- **Data records**
****************************************
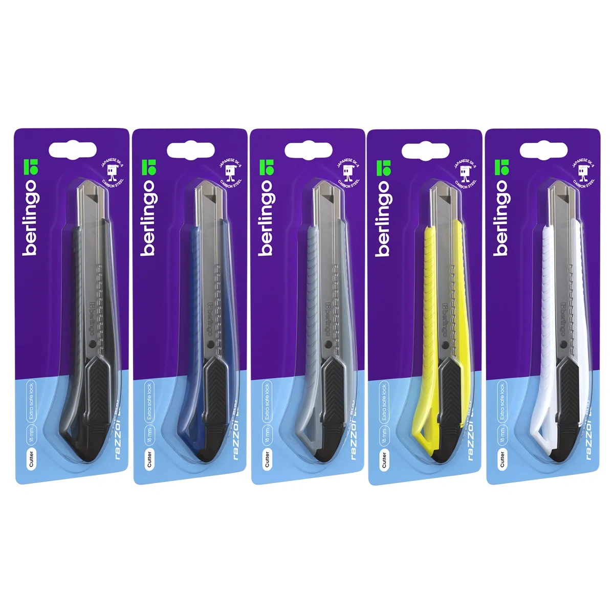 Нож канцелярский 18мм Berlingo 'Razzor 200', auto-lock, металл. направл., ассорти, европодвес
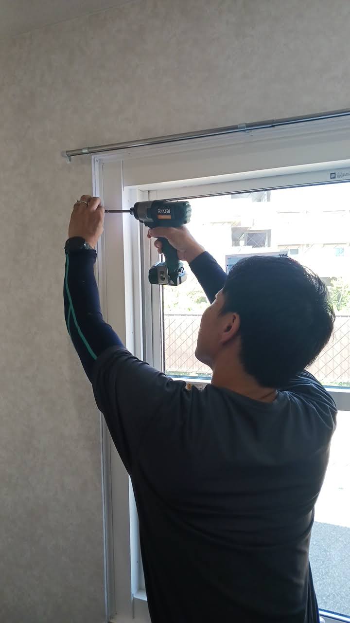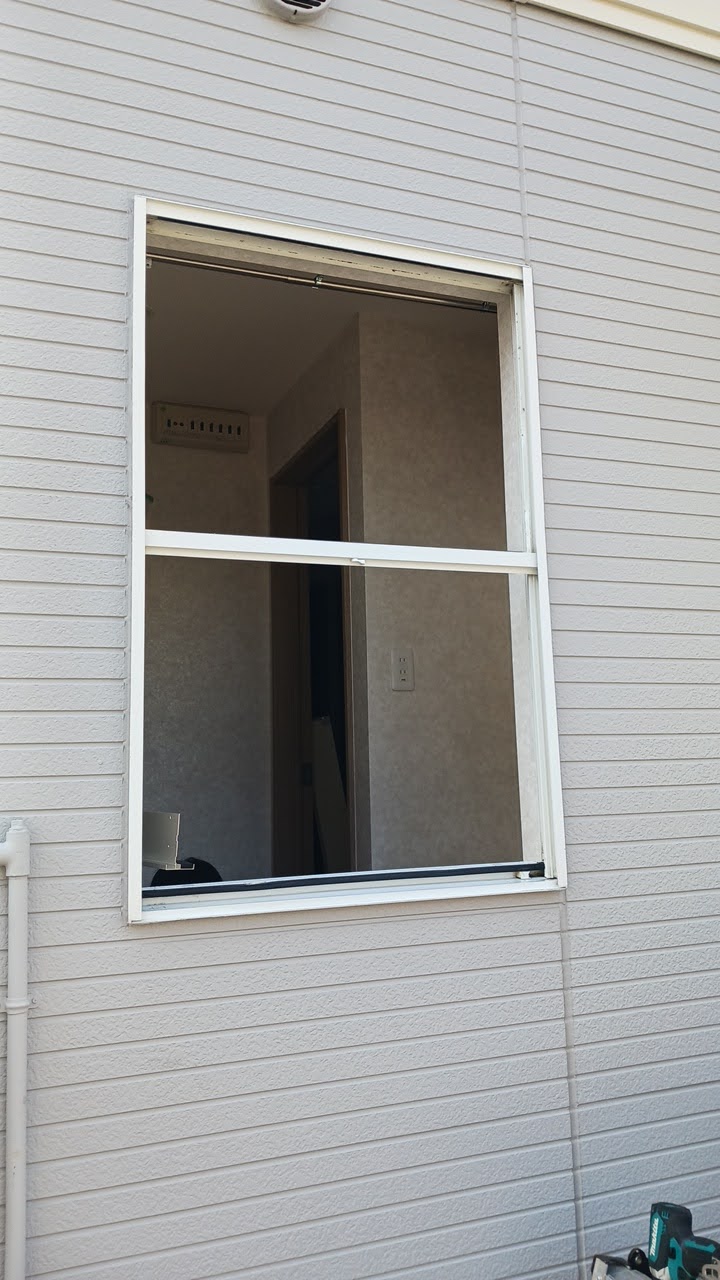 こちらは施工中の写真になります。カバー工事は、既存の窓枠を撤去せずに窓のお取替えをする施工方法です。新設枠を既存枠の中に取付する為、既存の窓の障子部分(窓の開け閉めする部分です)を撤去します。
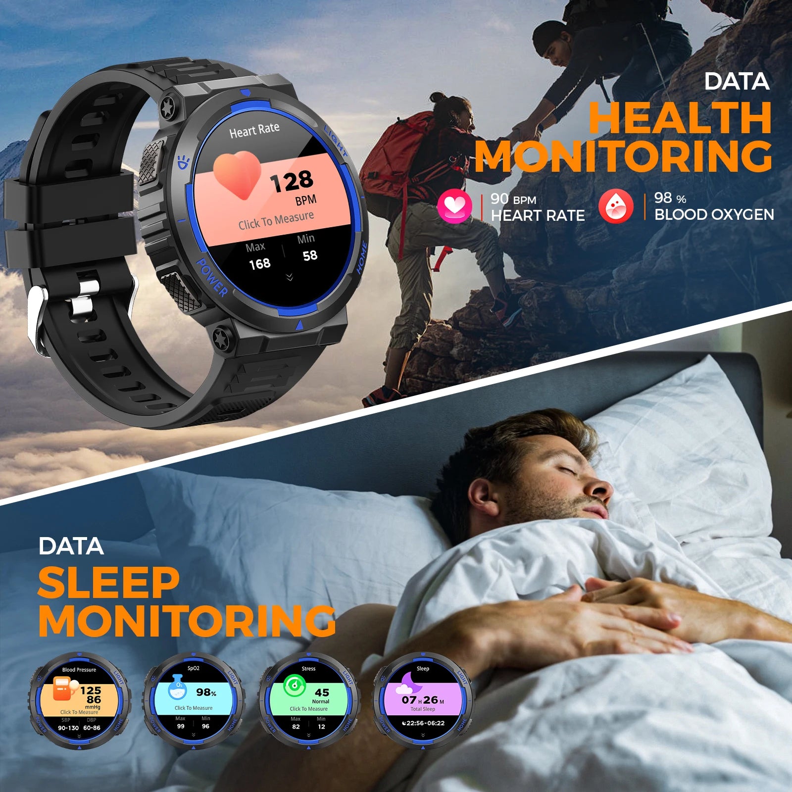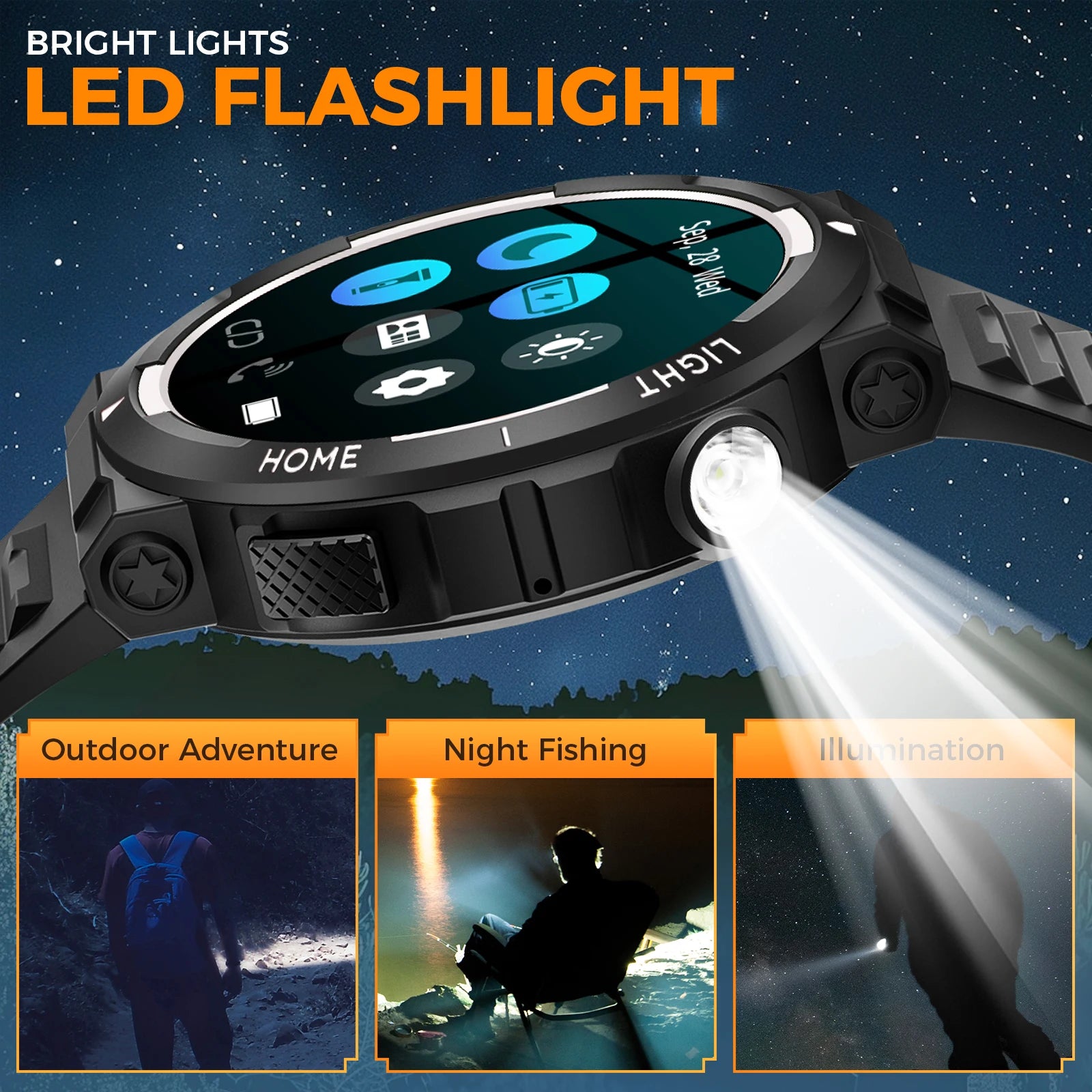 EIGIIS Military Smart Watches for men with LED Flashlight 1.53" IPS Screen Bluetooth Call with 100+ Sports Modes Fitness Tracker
****************************************
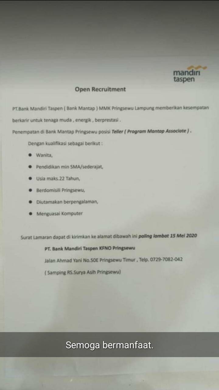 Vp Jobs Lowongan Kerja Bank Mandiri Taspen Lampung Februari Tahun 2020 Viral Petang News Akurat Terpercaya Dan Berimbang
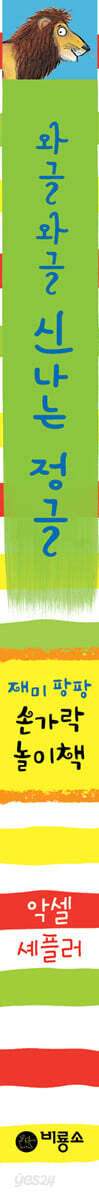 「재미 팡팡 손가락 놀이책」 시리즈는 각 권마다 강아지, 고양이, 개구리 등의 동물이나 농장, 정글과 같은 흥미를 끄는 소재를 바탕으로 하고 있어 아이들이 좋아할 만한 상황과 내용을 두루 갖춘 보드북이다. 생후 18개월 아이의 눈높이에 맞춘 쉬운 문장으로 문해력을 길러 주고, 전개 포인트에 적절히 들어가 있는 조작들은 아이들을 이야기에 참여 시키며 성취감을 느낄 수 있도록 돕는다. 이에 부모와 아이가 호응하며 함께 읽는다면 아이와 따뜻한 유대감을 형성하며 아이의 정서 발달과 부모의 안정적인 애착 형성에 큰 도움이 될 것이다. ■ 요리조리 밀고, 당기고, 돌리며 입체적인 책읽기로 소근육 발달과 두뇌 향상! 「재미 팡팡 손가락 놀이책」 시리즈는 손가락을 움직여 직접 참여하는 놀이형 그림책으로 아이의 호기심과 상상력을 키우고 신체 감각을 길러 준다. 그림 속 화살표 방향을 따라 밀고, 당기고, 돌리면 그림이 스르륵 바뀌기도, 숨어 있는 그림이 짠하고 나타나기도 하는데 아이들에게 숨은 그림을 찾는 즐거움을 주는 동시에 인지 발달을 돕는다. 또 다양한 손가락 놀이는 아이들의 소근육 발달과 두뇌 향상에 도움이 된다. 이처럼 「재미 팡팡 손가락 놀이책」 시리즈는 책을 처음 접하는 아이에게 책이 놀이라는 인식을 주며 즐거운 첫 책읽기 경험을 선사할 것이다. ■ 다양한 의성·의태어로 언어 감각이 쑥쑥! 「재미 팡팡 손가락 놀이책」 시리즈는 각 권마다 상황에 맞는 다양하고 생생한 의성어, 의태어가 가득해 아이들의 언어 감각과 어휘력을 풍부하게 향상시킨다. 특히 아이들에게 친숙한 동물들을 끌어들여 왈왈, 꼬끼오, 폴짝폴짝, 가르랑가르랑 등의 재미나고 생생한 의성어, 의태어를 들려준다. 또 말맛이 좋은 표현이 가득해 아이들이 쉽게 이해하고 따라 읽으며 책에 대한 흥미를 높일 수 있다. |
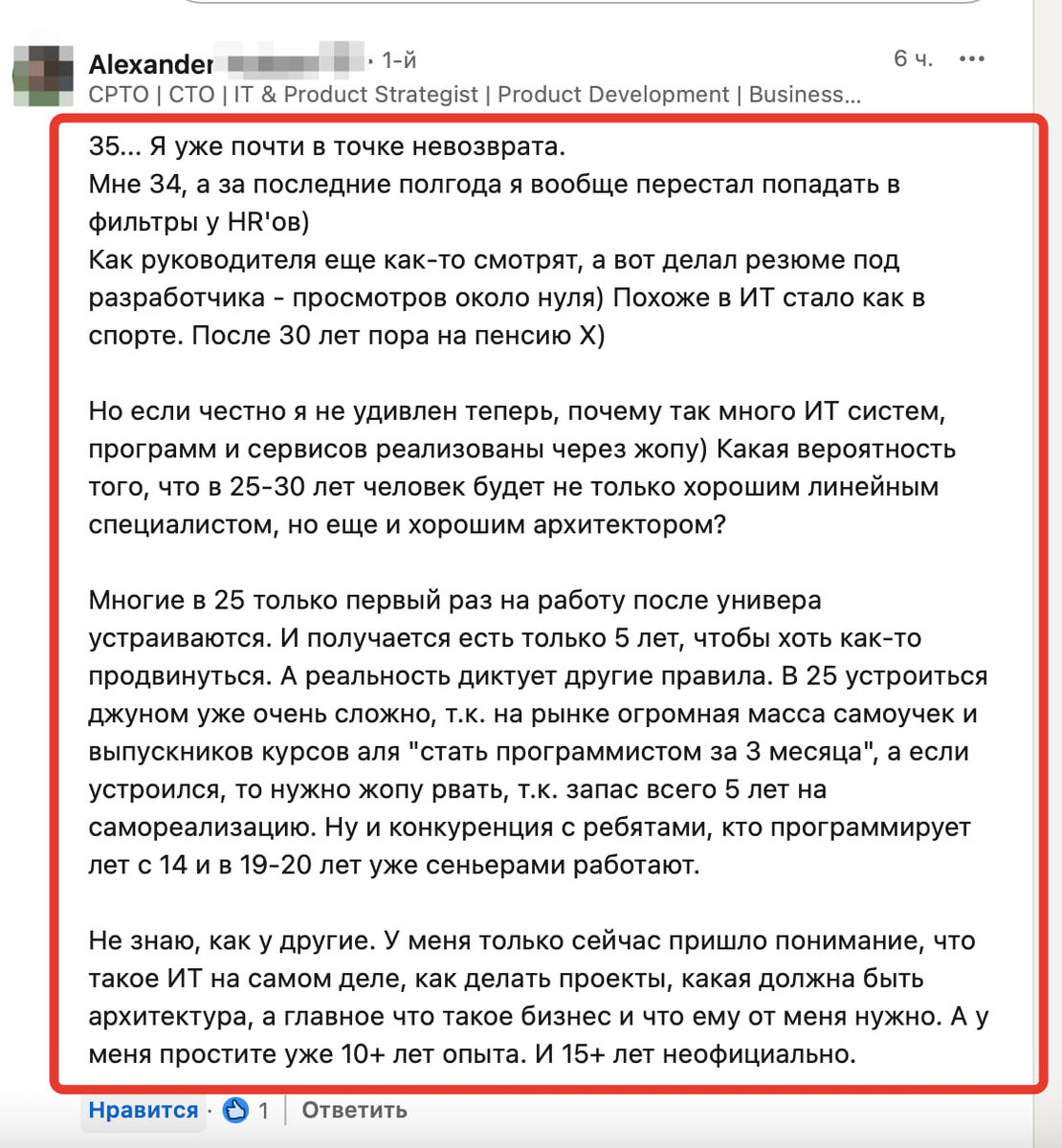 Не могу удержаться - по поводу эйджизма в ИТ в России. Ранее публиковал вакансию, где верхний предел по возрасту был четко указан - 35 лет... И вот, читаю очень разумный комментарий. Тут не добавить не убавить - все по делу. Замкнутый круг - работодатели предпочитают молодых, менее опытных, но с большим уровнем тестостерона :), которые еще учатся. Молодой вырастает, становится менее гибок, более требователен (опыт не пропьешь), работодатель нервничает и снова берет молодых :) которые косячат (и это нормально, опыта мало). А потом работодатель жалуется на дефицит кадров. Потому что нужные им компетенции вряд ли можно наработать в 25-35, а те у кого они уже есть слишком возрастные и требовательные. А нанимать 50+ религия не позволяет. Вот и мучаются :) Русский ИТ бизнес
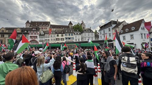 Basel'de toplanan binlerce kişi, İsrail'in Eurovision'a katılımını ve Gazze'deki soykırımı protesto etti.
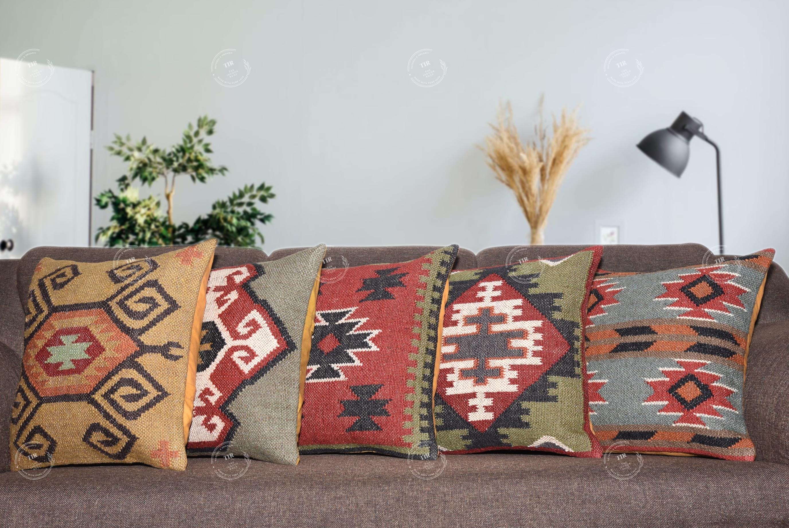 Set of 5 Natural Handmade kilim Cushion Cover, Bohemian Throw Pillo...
****************************************
- **Task directions**
Word for word, retype the lines in the entries above that run from the one with "こちらは施工中の写真になりま" through the one with "EIGIIS Military Smart". Both ends count; pictures do not.

- **Output for this exercise**
 こちらは施工中の写真になります。カバー工事は、既存の窓枠を撤去せずに窓のお取替えをする施工方法です。新設枠を既存枠の中に取付する為、既存の窓の障子部分(窓の開け閉めする部分です)を撤去します。
 EIGIIS Military Smart Watches for men with LED Flashlight 1.53" IPS Screen Bluetooth Call with 100+ Sports Modes Fitness Tracker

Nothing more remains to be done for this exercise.